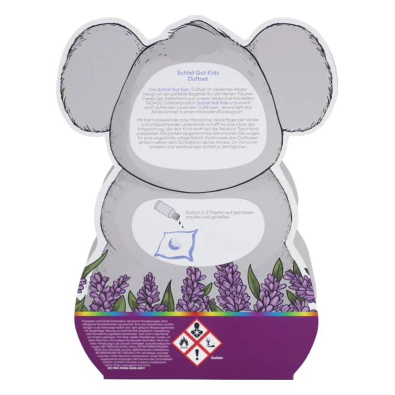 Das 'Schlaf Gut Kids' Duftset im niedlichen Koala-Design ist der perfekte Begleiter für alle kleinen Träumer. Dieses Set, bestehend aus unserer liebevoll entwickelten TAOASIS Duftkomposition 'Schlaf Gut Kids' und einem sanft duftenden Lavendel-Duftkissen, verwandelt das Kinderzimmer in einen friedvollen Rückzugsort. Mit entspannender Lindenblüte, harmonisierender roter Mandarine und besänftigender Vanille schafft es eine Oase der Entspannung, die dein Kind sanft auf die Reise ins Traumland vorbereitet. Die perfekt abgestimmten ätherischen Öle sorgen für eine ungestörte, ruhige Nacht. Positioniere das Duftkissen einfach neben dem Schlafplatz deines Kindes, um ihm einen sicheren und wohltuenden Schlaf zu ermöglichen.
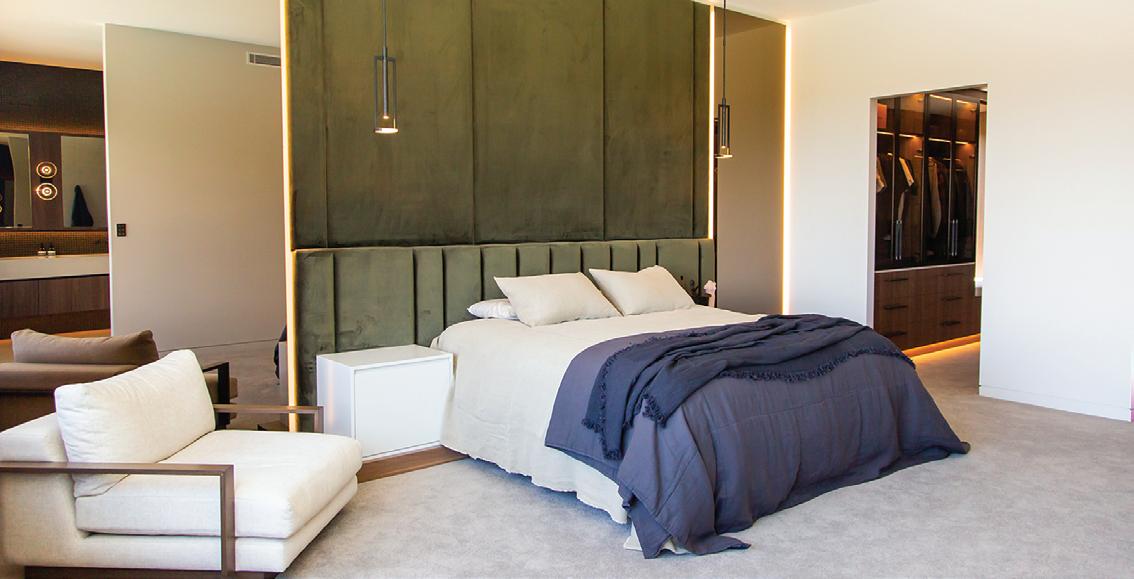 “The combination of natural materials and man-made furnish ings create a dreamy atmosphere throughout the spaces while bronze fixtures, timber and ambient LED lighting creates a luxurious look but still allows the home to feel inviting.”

...

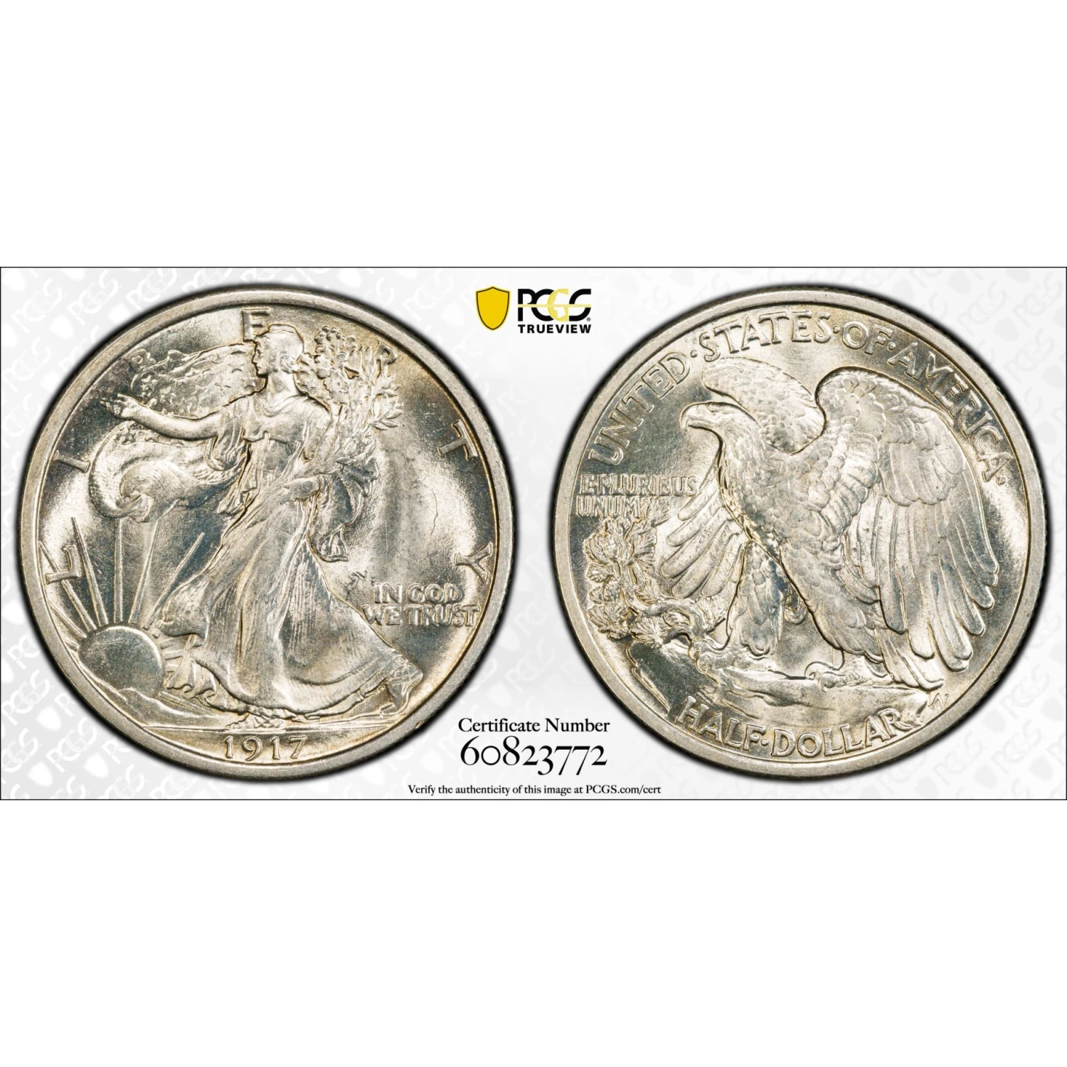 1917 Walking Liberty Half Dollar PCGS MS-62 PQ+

# PROBLEM DETAILS:
Go to the line above that has "Das 'Schlaf Gut" and copy exactly from there down to the line that has "combination of natural", both included. Leave the pictures out.

# OUTPUT BELOW:
 Das 'Schlaf Gut Kids' Duftset im niedlichen Koala-Design ist der perfekte Begleiter für alle kleinen Träumer. Dieses Set, bestehend aus unserer liebevoll entwickelten TAOASIS Duftkomposition 'Schlaf Gut Kids' und einem sanft duftenden Lavendel-Duftkissen, verwandelt das Kinderzimmer in einen friedvollen Rückzugsort. Mit entspannender Lindenblüte, harmonisierender roter Mandarine und besänftigender Vanille schafft es eine Oase der Entspannung, die dein Kind sanft auf die Reise ins Traumland vorbereitet. Die perfekt abgestimmten ätherischen Öle sorgen für eine ungestörte, ruhige Nacht. Positioniere das Duftkissen einfach neben dem Schlafplatz deines Kindes, um ihm einen sicheren und wohltuenden Schlaf zu ermöglichen.
 “The combination of natural materials and man-made furnish ings create a dreamy atmosphere throughout the spaces while bronze fixtures, timber and ambient LED lighting creates a luxurious look but still allows the home to feel inviting.”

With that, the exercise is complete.